Нет, вас-то я не боюсь. Чего вас бояться – свой брат-дебил...
Темноты боюсь. Мне, знаете, так актер один знакомый описывал про
страх сцены. Я, говорит, как на сцену выхожу – боюсь ужасно.
Темноты, говорит, этой боюсь – там, сразу за рампой; провала этого
жуткого. В нем, говорит, весь страх и ужас. Слава Богу, глаза
понемногу привыкают, и тут уже начинаешь различать зал, а в зале –
стулья, а на стульях – свой брат-дебил... Ага, все путем, свои все
люди, а вовсе не какая-то дурная и темная бесконечность.
Вот и я так. Как ни крути, а есть в этой истории что-то... даже
слова не подберу... что-то провальное, как в той темноте за рампой.
И вот пялюсь я в эту темноту, в точности, как приятель мой актер, и
силюсь разглядеть зал, и стулья, и вас, дебилов... и нету, нету,
нету!
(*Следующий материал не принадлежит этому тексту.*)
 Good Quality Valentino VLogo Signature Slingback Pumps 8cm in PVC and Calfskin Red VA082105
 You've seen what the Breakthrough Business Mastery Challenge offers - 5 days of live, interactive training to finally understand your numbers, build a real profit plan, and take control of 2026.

Лишь в глазах черно, и сквознячок поддувает.
Короче. Как-то раз я гулял по Интернету и наткнулся на некую
статейку. Статейка была неплохая, да что там... – замечательная
была статья на совершенно злободневную тему, причем на английском
языке. Английский язык характеризуется удивительной точностью; его
не так-то легко распустить, не то что русский. Русский язык
распускается с легкостью необыкновенной. Оттого-то писать все
норовят по-русски, а читать – по-английски.
Автор статьи – американский еврей – русского то ли не знал, то ли
подзабыл, в общем, вынужден был писать по-английски, что
существенно облегчало задачу читателя, то есть – мою. И я -
благодарный читатель - время от времени справляясь в словаре,
благополучно и с удовольствием добрался до конца. А в конце стояло
оно, это стихотворение. Стихотворение Киплинга.
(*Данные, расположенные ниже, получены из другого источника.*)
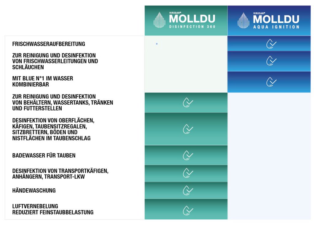 MOLLDU zersetzt sich nach der Anwendung zu Wasser und Salz und ist daher materialschonend, geruchsneutral und rückstandsfrei,– ideal für den kontinuierlichen Einsatz vom Jungtaubenstadium bis zur Mauser.
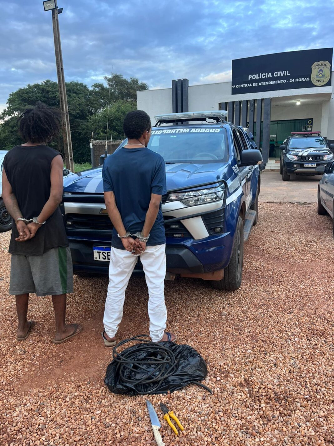 A Guarda Metropolitana de Palmas (GMP) prendeu, na tarde desta terça-feira, 24, dois suspeitos de furtar fios do sistema de iluminação pública na nova via do Acesso Norte, região central da Capital. A ocorrência foi registrada em frente ao prédio do Tribunal Regional Eleitoral do Tocantins (TRE), na quadra 103 Norte. A obra é executada por meio da Secretaria de Infraestrutura e Habitação de Palmas e integra o projeto de requalificação da infraestrutura urbana da região.

Стихотворение поразило меня в самое сердце. Конечно, статья служила
прекрасной подготовкой к тому. Безымянный автор писал об исламской
угрозе, о диком шахидском прибое, заливающем наши набережные, о
непостижимом и угрожающем культе насилия, о ржущих и режущих
всадниках смерти на наших улицах, о поясах самоубийц – поясах
верности ихнему подлому богу, о кривом, как ятаган, полумесяце у
нашего горла.
Он писал о том, что хватит бздеть... нет, он не мог написать так –
ведь он писал по-английски... но смысл был именно таков – хватит
бздеть, давайте, вломим им, гадам, по первое число. Давайте,
засадим им по самый черепок, так, чтобы извилистые коранские суры
брызнули из их заросших грязью ушей. Он хотел войны, он звал ее во
все свое неширокое англоязычное горло. "Война! – кричал он. –
Война! Даешь войну!"
"Доколе?! – вопрошал он. – Доколе?!" И я соглашался с ним вполне,
ибо возразить было нечего. Кулаки мои сжимались. Так, со сжатыми
кулаками и со словарем я добрался до конца и увидел стих Киплинга.
Это был апофеоз. Я прочитал его трижды, прежде чем перевести дух.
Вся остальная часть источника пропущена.